To assess possible impact of various COVID-19 prediction models on Philippine government response, text from various resolutions, press releases and legislation has been collected using data mining approaches implemented in R. This package includes functions used for this data mining process and datasets of text that have been collected and processed for use in text analysis.
comotext
is still in active development. You can install the
development version of comotext
from
GitHub with:
if(!require(remotes)) install.packages("remotes")

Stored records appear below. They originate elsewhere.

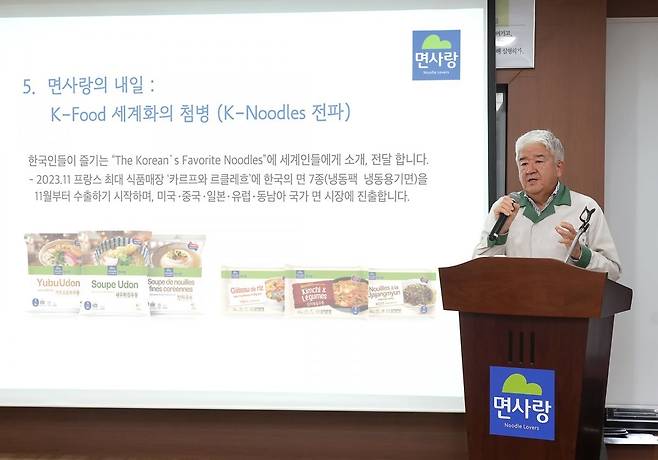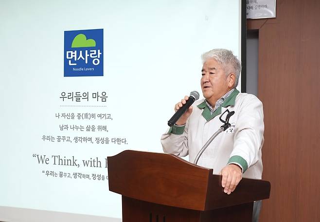 식사 후 정세장 면사랑 대표와 기자 간담회가 진행됐다. 백발인 그는 하루하루 열심히 회사를 운영하다 보니 어느새 30년이 됐다며 소탈하게 간담회를 이끌었다.
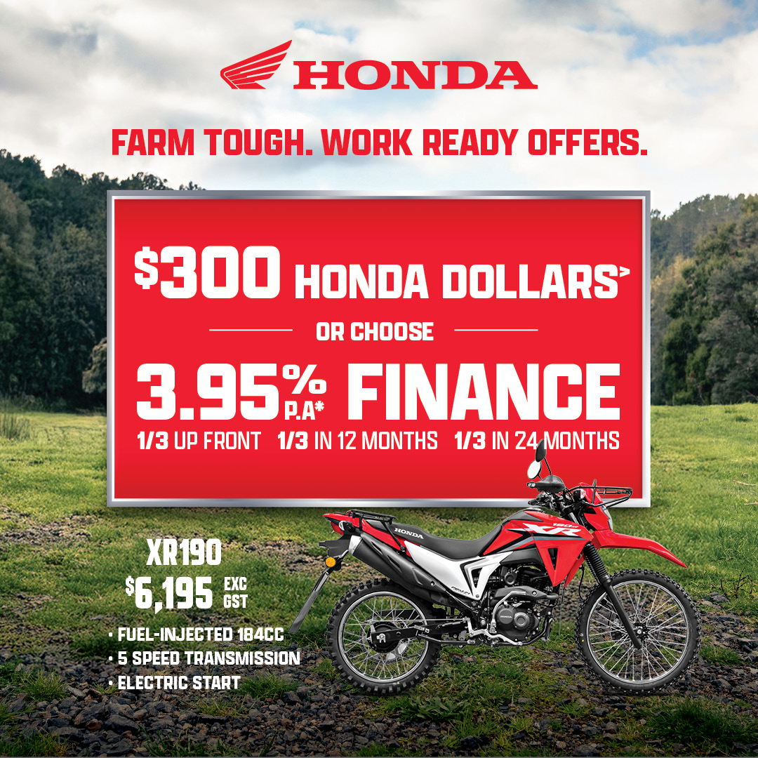 Get your next Honda farm workhorse sorted with an offer that works the way you do. For a limited time, when you purchase a selected new Honda ATV or 2 wheel farm bike, you can choose what suits your farm and your cashflow best.
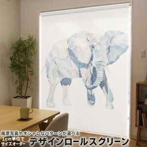 1cm単位サイズオーダー ロールスクリーン ロールカーテン オーダーメイド タチカワ 日本製 間仕切り カーテン 採光 非遮光 目隠し UVカット カーテンレール チェーン式 プル式 017544 アニマル ゾウ 像 アニマル
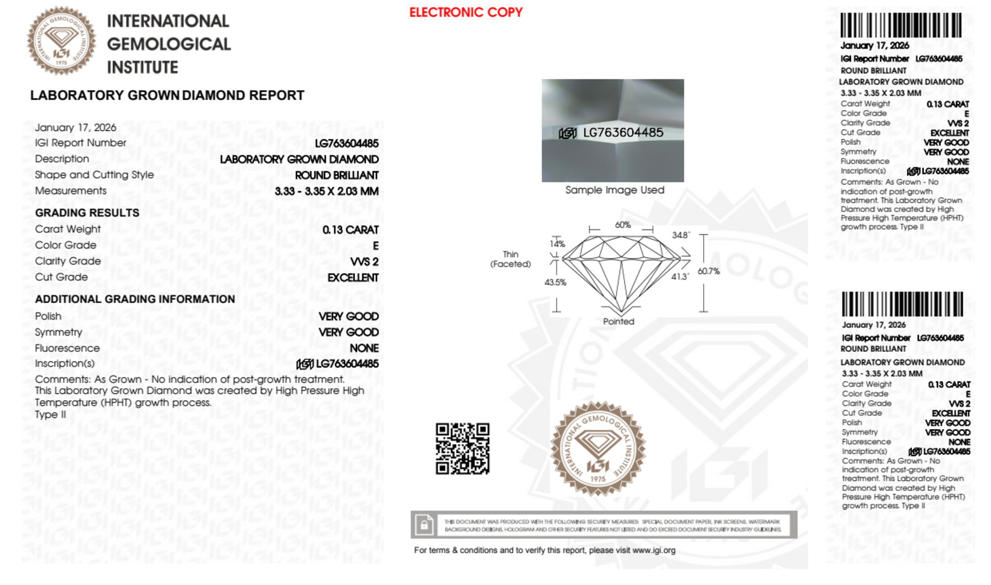 0.13 Carat round lab Diamond

remotes::install_github("como-ph/comotext")
comotext
currently has 28 datasets of COVID-19-related resolutions and
policies in the Philippines. These datasets are 28 resolutions made by
the Inter-Agency Task Force for the Management of Emerging Infectious
Diseases (IATF).
A description of the available datasets can be found here.
A table of the 29
IATF resolutions and the URLs to download them can
be generated using the function get_iatf_links()
as follows:
get_iatf_links()
#> # A tibble: 29 x 6
#> id title date source type url
#> <dbl> <chr> <date> <chr> <chr> <chr>
#> 1 9 Recommendations for th… 2020-03-03 IATF resol… https://doh.gov.ph/si…
#> 2 10 Recommendations for th… 2020-03-09 IATF resol… https://doh.gov.ph/si…

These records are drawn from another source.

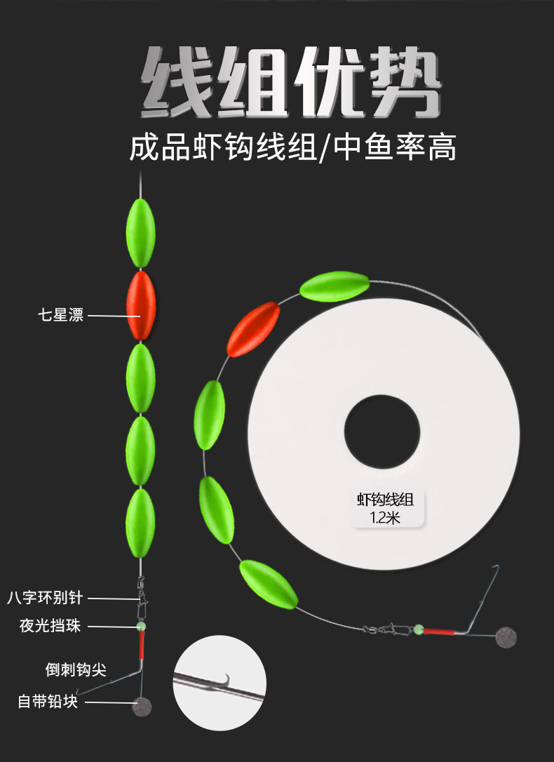 朝天フック七星漂着セット高感度穿管金海夕朝天フック蛍光伝統釣りフナ浮き
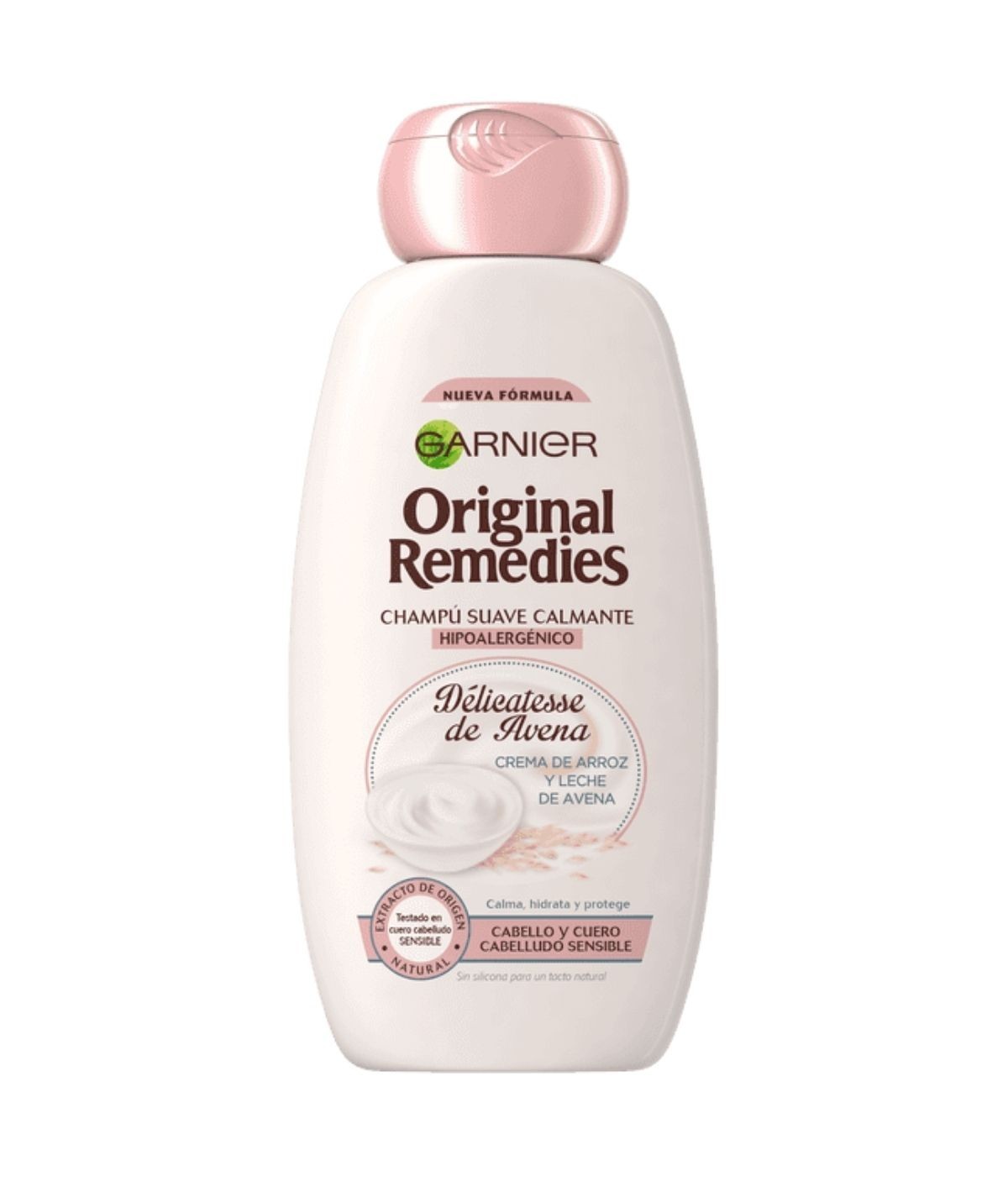 Champú calmante y nutritivo. Ideal para todo tipo de cabello, y para personas con cuero cabelludo sensible. Su fórmula con crema de arroz y leche de avena hidrata, calma y suaviza. Hidrata tu cabello de raíz a punta sin apelmazar.
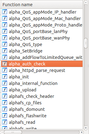 基于上面的字符信息可以看出,这个/bin/webs二进制程序是一个修改版的thttpd,提供路由器管理员界面操作功能。看起来是经过了台湾明泰科技(D-Link的一个子公司)的修改。他们甚至很有心计的将他们很多自定义的函数名都辅以“alpha”前缀:
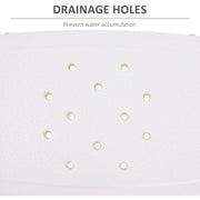 - SLIDE PROOF SUCTION: Each foot is equipped with a mould-proof, suction cup to help stabilize the chair, which paired with the draining, textured seat, helps prevent unwanted sliding and falling during showers or baths.
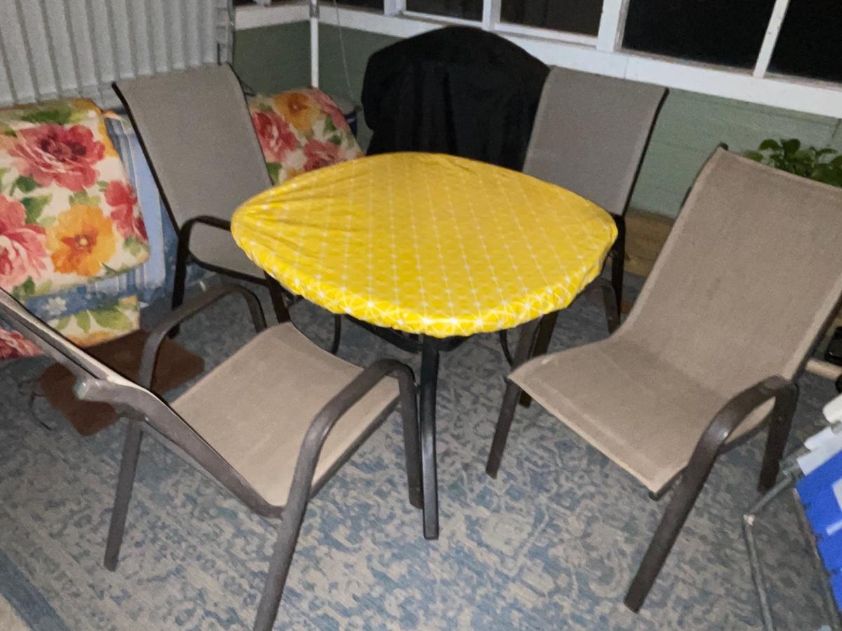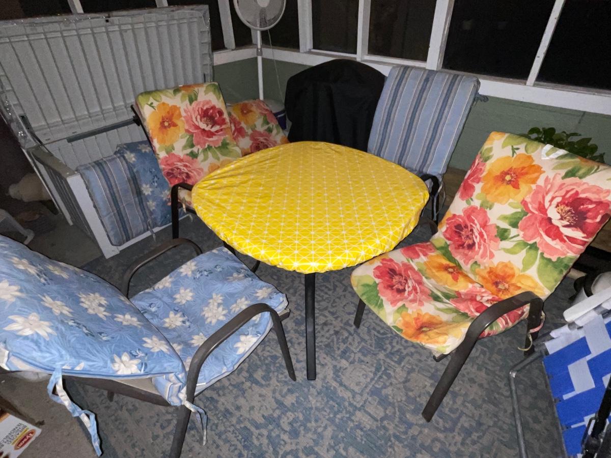 Comes with fitted heavyduty yellow tablecloth heavy
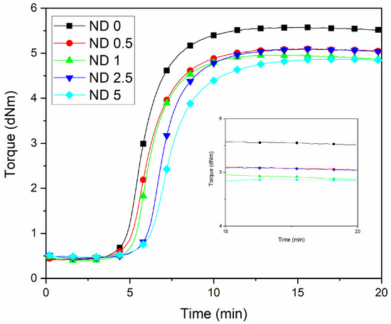 Rheometric curves of NR/BR compounds at different ND/CB concentrations.

#> 3 11 Recommendations for th… 2020-03-12 IATF resol… https://doh.gov.ph/si…
#> 4 12 Recommendations for th… 2020-03-13 IATF resol… https://doh.gov.ph/si…
#> 5 13 Recommendations for th… 2020-03-17 IATF resol… https://doh.gov.ph/si…

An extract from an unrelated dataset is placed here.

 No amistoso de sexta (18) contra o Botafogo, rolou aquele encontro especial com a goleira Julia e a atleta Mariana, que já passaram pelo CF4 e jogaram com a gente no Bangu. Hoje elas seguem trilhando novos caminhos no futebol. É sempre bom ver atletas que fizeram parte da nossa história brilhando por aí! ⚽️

#> 6 14 Resolutions Relative t… 2020-03-20 IATF resol… https://doh.gov.ph/si…
#> 7 15 Resolutions Relative t… 2020-03-25 IATF resol… https://doh.gov.ph/si…
#> 8 16 Additional Guidelines … 2020-03-30 IATF resol… https://doh.gov.ph/si…
#> 9 17 Recommendations Relati… 2020-03-30 IATF resol… https://doh.gov.ph/si…
#> 10 18 Recommendations Relati… 2020-04-01 IATF resol… https://doh.gov.ph/si…
#> # … with 19 more rows
comotext
also holds 1 dataset of all Department of
Health press releases to date. A description of
the dohRelease
dataset can be found
here.
This dataset has been generated using the get_doh_release()
function
(see description below) included in comotext
. Related to this is the
dataset dohLinks
which holds the relative URL links for each of the
press releases in the Department of Health
website to date. This dataset has been produced using the
get_doh_links()
function (see description below) included in
comotext
. A description of the dohLinks
dataset can be found
here.
Press releases issued by the Department of Health are available publicly via their website. The structure of the press releases page is that the section with the links to the press releases text is in a panel within the web page with the panel itself having pagination with each page containing links to 28 press releases with press releases ordered in reverse chronological order.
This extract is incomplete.